Exercise details: What you return should be the lines from the one with "Lage schoen in" through the one with "甲府市のふるさと納税アドバイ" in the data below, reproduced exactly with both ends, and no pictures at all.

Exercise input:
[Start of Attachment]
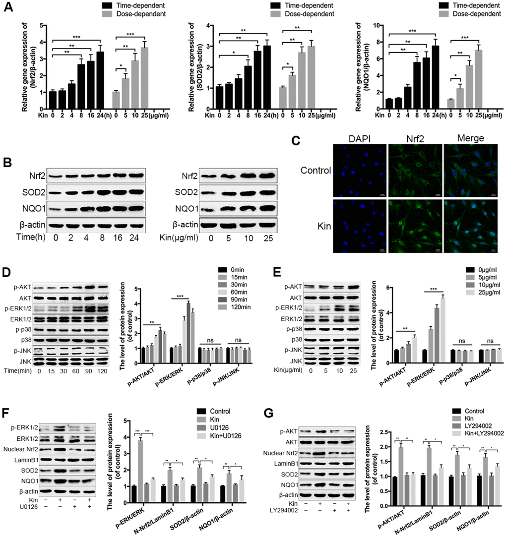 In view of the antioxidant capacity of Kin, we speculated that Kin could activate the transcription factor Nrf2 and its downstream target genes, endowing NPCs with oxidative stress resistance. To verify this hypothesis, we first measured the expression of Nrf2 and downstream antioxidant enzymes by real-time PCR assay. As shown in Figure 3A, Kin significantly increased the expression of Nrf2 and Nrf2-dependent genes at the mRNA level in a time- and dose-dependent manner. These results were consistent with the western blotting analyses (Figure 3B). In addition, using confocal microscopy, the Nrf2 immunofluorescence in the Kin-treated NPCs exhibited an obvious nuclear translocation of Nrf2 compared to the control group (Figure 3C), indicating the activation of Nrf2. Moreover, to further explored the underlying molecular mechanism of Kin-mediated Nrf2 activation, we also investigated the roles of AKT and MAPK signaling pathways in the regulation of Nrf2 [28]. As shown in Figure 3D, 3E, Kin induced the phosphorylation of upstream kinases, including AKT and ERK1/2, in a time- and dose-dependent manner within 2 h, but without influences on the levels of p-p38 and p-JNK as well as the total protein levels of AKT, ERK1/2, p38 and JNK, suggesting that Kin probably activated Nrf2 through the phosphorylation of AKT and ERK1/2 in NPCs. Therefore, we subsequently applied the U0126 (an ERK1/2 inhibitor) and LY294002 (a PI3K inhibitor) to reduce the activities of these two kinases. The western blotting results showed that pretreatment with LY294002 and U0126 blocked the phosphorylation of AKT and ERK1/2 respectively, and also attenuated the nuclear translocation of Nrf2 in the Kin-treated NPCs (Figure 3F, 3G). Meanwhile, the Kin-induced upregulation of SOD2 and NQO1 was partially suppressed by the pharmacological inhibition of AKT and ERK1/2 respectively (Figure 3F, 3G). Together, the above data indicate that Kin activates Nrf2 through the AKT and ERK1/2 signaling pathways in NPCs.
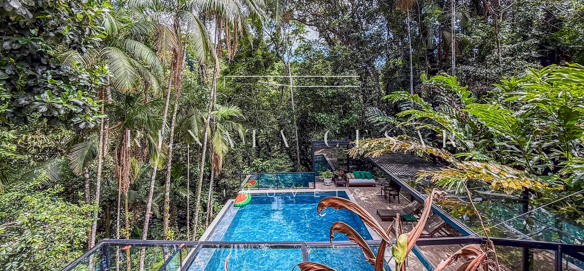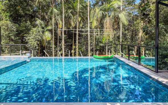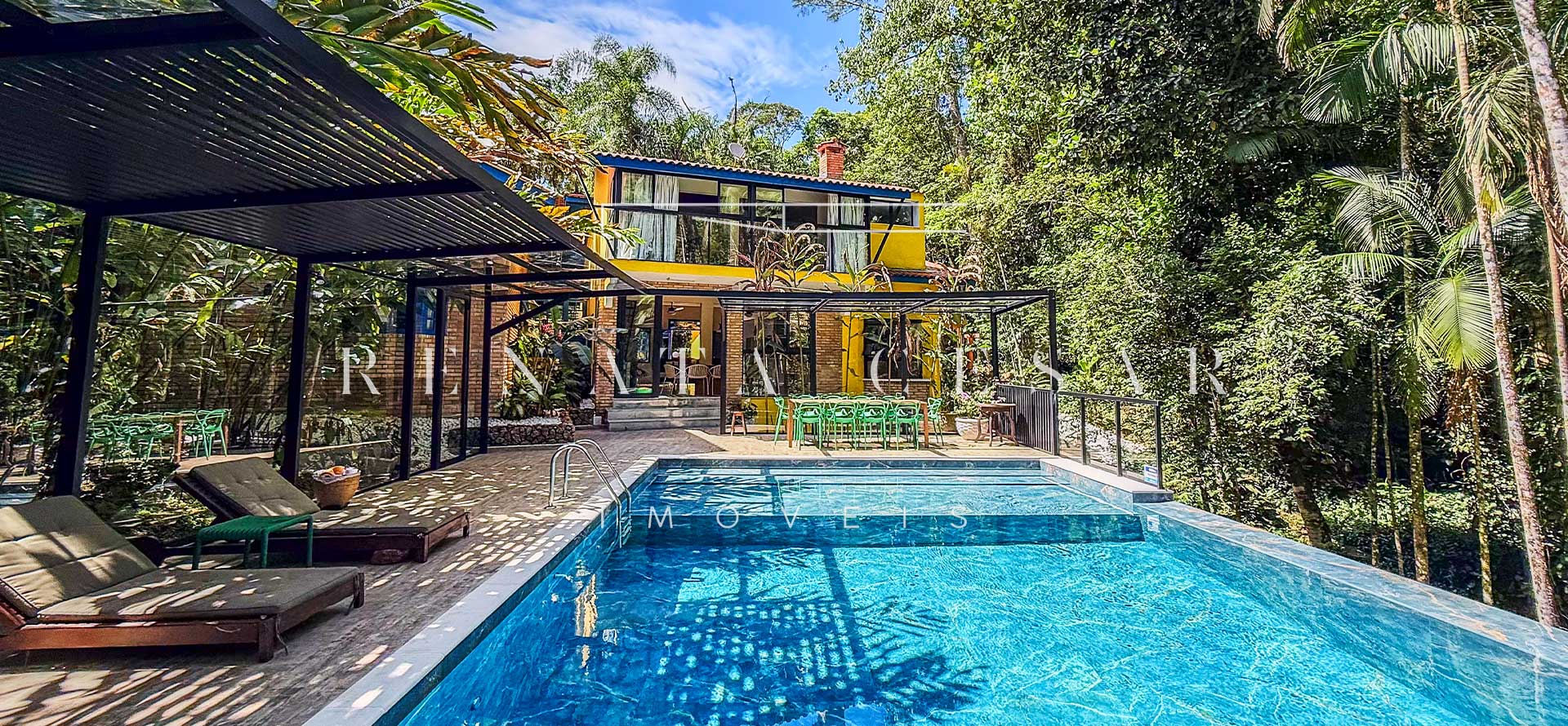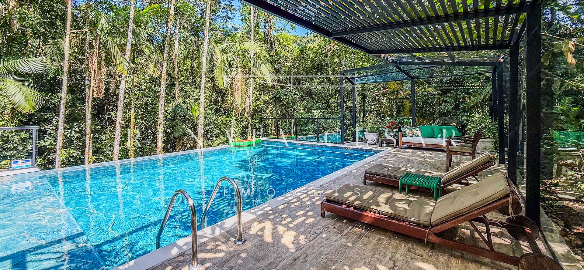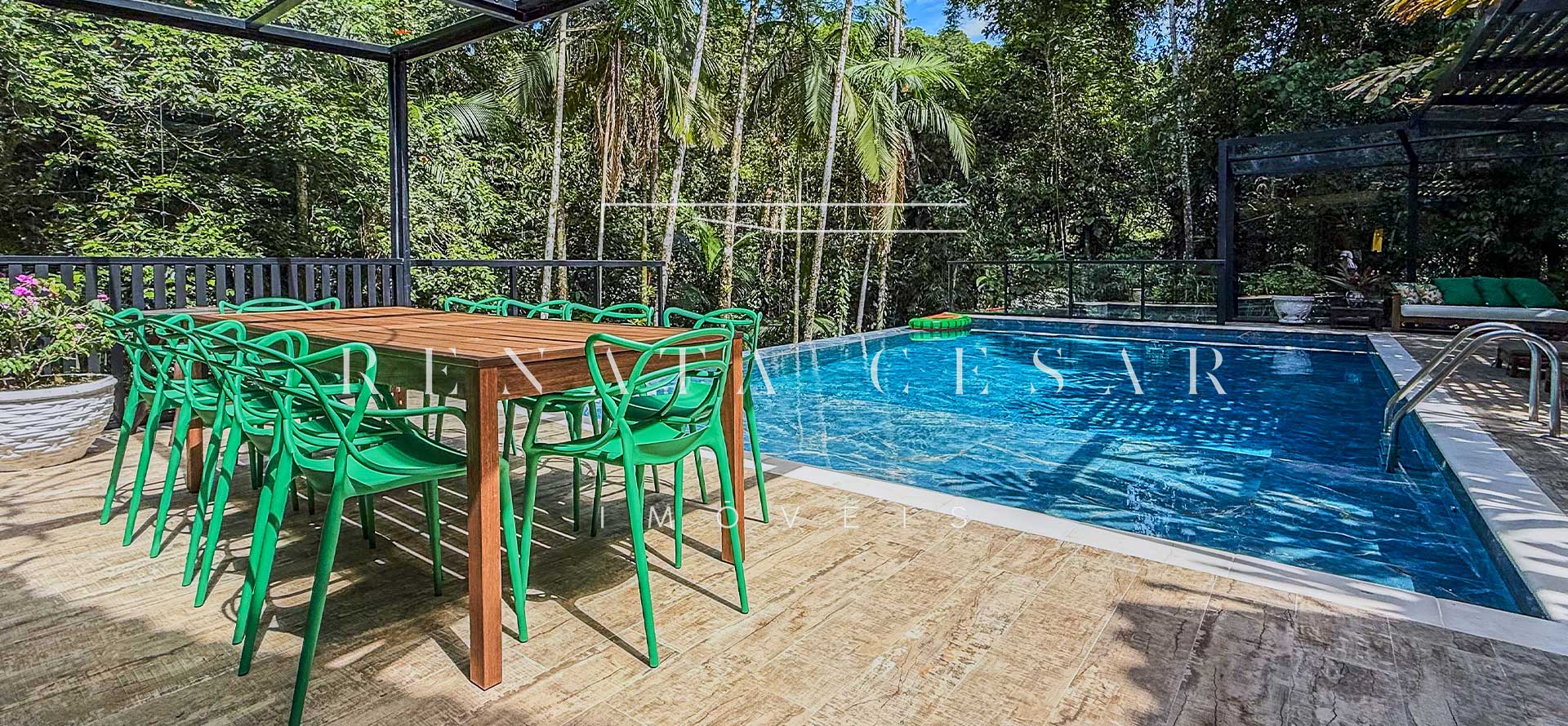 Na área externa, uma grande piscina com prainha abraçada pela mata, onde os dias de sol te esperam. Espreguiçadeiras, sofás e áreas para refeições ficam no entorno, criando diferentes ambientes.
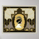 This is a horizontal poster containing lots of art deco elements in black, gray and gold colors, with an art deco illustration at the center. I feel this typifies everything art deco. The Golden Age. This could be used to frame or for crafts according to the size you may want.
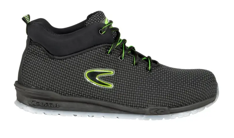 Lage schoen in zwart waterbestendig Techsell, met ademende voering in Sany-Dry. Voorzien van een synthetische anti-perforatiezool en aluminium 200J neus. Loopzool uit PU/TPU. Maten: 36-48.
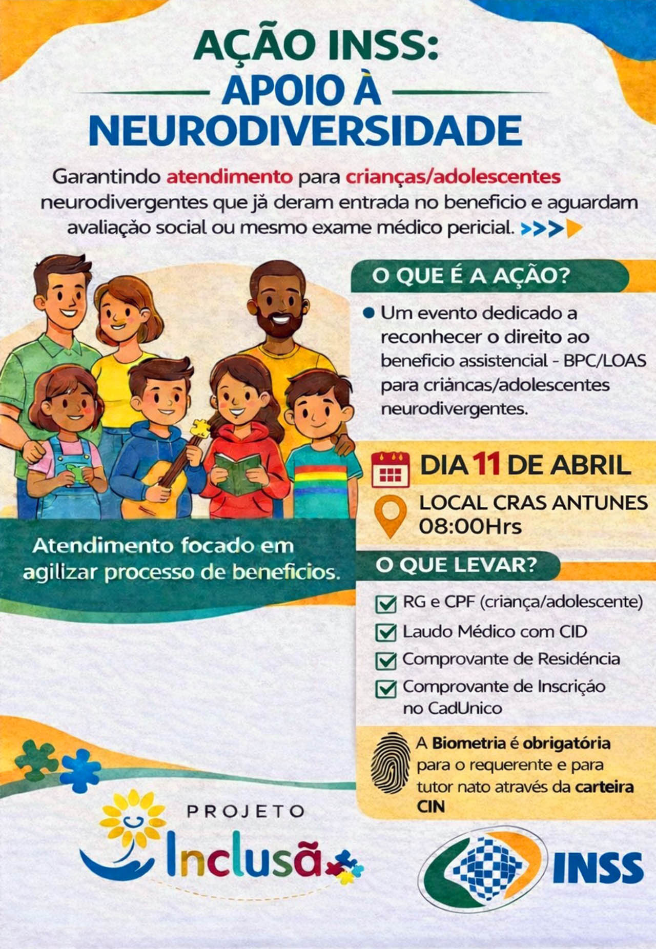 O Projeto Inclusão visa facilitar o atendimento e o reconhecimento do benefício assistencial de prestação continuada (BPC/LOAS) a crianças e adolescentes neurodivergentes, integrantes de famílias em situação de vulnerabilidade social, que já deram entrada no INSS e aguardam avaliação social ou exame médico-pericial. A iniciativa reduz o tempo de espera e assegura dignidade e proteção social aos beneficiários.
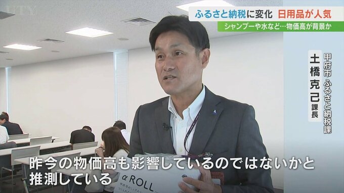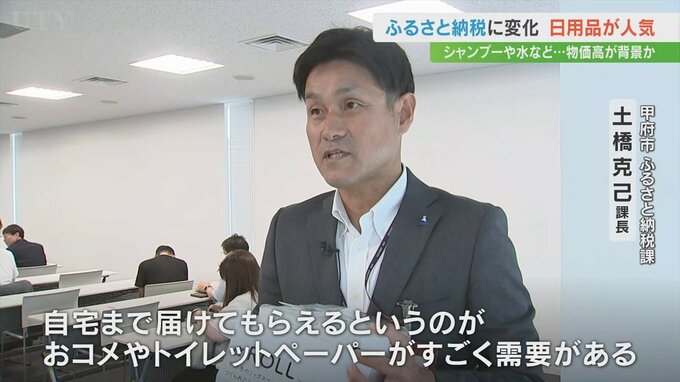 甲府市のふるさと納税アドバイザー山田穂高さんによりますと、物価高が続いているため、ふるさと納税の返礼品に高級な嗜好品ではなく日用雑貨やコメなどを選ぶ人が増えているということです。
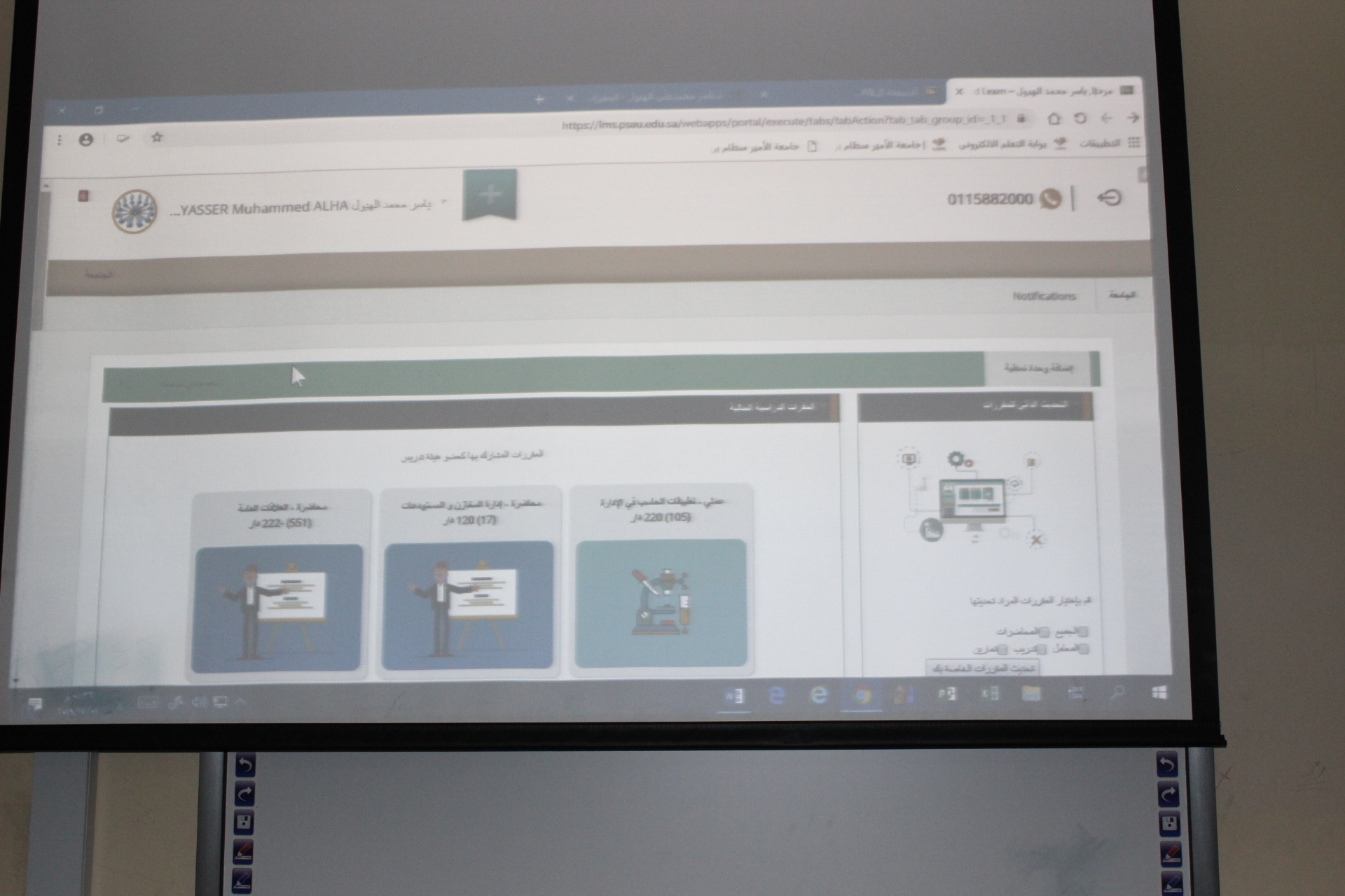 حرصًا من سعادة عميد كلية المجتمع بالخرج على أهمية تبني ممارسات التعلم الإلكتروني لتحسين جودة العملية التعليمية طالب بضرورة تنظيم عدة ورش لأعضاء هيئة التدريس والطلاب للتعريف بنظام البلاك بورد.    وانطلاقًامن ذلك نظمت وحدة التعلم الإلكتروني بالكلية ورشة عمل لأعضاء هيئة التدريس بعنوان" أساسيات التعامل مع نظام البلاك بورد"  استمرت لمدة أربعة أيام بدأت من يوم الأثنين الموافق 8/5/1440هـ حتى يوم الخميس الموافق 11/5/1440هـ  وقدم هذه الورشة الدكتور/ ياسر الهبول الأستاذ المساعد بقسم إدارة الأعمال بالكلية والمدرب المعتمد من الجامعة وقد تناولت الورشة عدة موضوعات من أهمها التعريف بصفحة المحتوى والتي تتضمن كيفية إنشاء عنصر أو ملف أو رفع صورة او فيديو تعليمي أو عمل ارتباط ويويب أو أخذ مقطع من You Tube. بالإضافة إلى كيفية إنشاء واجبات للطلاب والتعرف على طريقة تصحيحها. وكذلك تناولت الورشة التعرف على إعداد الاختبارات على نظام البلاك بورد وطريقة تصحيحها.كما تم التعرف أيضا على إنشاء منتدى تفاعلي بين أستاذ المقرر والطلاب بحيث يمكن للطلاب من خلاله الاستفسار عن كل ما يتعلق بالمقرر من خلال هذا المنتدى. كما تطرقت الورشة إلى كيفية استخدام الهواتف الذكية في التعلم الإلكتروني من خلال استخدام تطبيق البلاك بورد المتاح على هذه الهواتف لتشجيع أعضاء هيئة التدريس والطلاب على استخدام التعلم الإلكتروني. وبالإضافة إلى ذلك تناولت المحاضرة كيفية بناء الغرف الافتراضية وطريقة التواصل بين أستاذ المقرر والطلاب من خلال هذه الغرف.وأخيرًا توجه كافة أعضاء هيئة التدريس بالشكر والتقدير لسعادة عميد الكليةالدكتور/ حمد بن عبداللهالقميزي على إتاحة مثل الورش التعليمية التي تستهدف رفع كفاءة عضو هيئة التدريس والطلاب، وأيضا بخالص الشكر والتقدير إلى المدرب سعادة الدكتور ياسر الهبول على ما بذله من جهد وصبر لتوضيح الاستخدامات المختلفة لنظام البلاد بورد بشكل عملي.
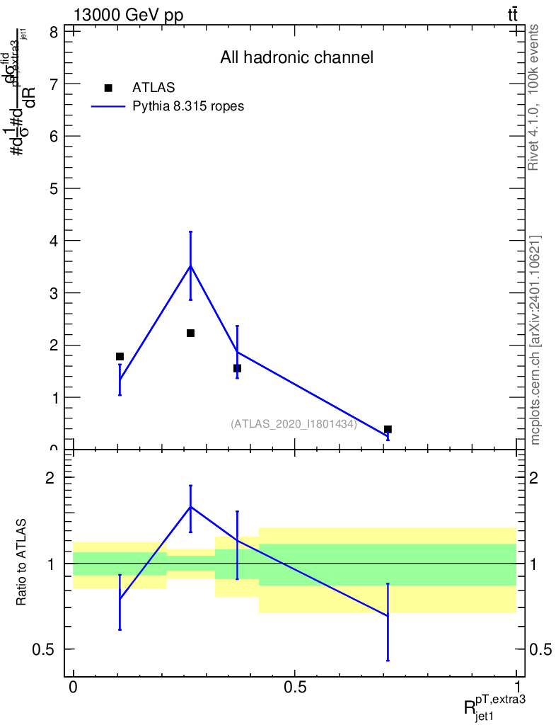Lines: data, pythia8 8.315 ropes |
[End of Attachment]
Answer section:
 Lage schoen in zwart waterbestendig Techsell, met ademende voering in Sany-Dry. Voorzien van een synthetische anti-perforatiezool en aluminium 200J neus. Loopzool uit PU/TPU. Maten: 36-48.
 O Projeto Inclusão visa facilitar o atendimento e o reconhecimento do benefício assistencial de prestação continuada (BPC/LOAS) a crianças e adolescentes neurodivergentes, integrantes de famílias em situação de vulnerabilidade social, que já deram entrada no INSS e aguardam avaliação social ou exame médico-pericial. A iniciativa reduz o tempo de espera e assegura dignidade e proteção social aos beneficiários.
 甲府市のふるさと納税アドバイザー山田穂高さんによりますと、物価高が続いているため、ふるさと納税の返礼品に高級な嗜好品ではなく日用雑貨やコメなどを選ぶ人が増えているということです。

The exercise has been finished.